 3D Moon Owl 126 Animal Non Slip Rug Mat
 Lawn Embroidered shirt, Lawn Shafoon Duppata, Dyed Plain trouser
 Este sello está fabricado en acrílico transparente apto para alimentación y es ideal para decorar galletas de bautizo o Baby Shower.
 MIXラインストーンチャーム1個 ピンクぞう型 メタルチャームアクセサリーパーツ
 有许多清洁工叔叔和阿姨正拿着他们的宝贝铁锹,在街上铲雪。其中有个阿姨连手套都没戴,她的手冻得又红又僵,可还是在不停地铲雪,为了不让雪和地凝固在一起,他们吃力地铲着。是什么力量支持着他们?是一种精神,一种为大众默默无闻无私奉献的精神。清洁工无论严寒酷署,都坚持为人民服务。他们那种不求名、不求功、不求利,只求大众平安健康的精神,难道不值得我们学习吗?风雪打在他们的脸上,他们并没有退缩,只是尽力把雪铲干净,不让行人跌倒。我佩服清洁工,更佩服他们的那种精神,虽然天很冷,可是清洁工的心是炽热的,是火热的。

--

■ **What the exercise asks**: Having read the records above, print them out again exactly.

■ **Response box**:
 3D Moon Owl 126 Animal Non Slip Rug Mat
 Lawn Embroidered shirt, Lawn Shafoon Duppata, Dyed Plain trouser
 Este sello está fabricado en acrílico transparente apto para alimentación y es ideal para decorar galletas de bautizo o Baby Shower.
 MIXラインストーンチャーム1個 ピンクぞう型 メタルチャームアクセサリーパーツ
 有许多清洁工叔叔和阿姨正拿着他们的宝贝铁锹,在街上铲雪。其中有个阿姨连手套都没戴,她的手冻得又红又僵,可还是在不停地铲雪,为了不让雪和地凝固在一起,他们吃力地铲着。是什么力量支持着他们?是一种精神,一种为大众默默无闻无私奉献的精神。清洁工无论严寒酷署,都坚持为人民服务。他们那种不求名、不求功、不求利,只求大众平安健康的精神,难道不值得我们学习吗?风雪打在他们的脸上,他们并没有退缩,只是尽力把雪铲干净,不让行人跌倒。我佩服清洁工,更佩服他们的那种精神,虽然天很冷,可是清洁工的心是炽热的,是火热的。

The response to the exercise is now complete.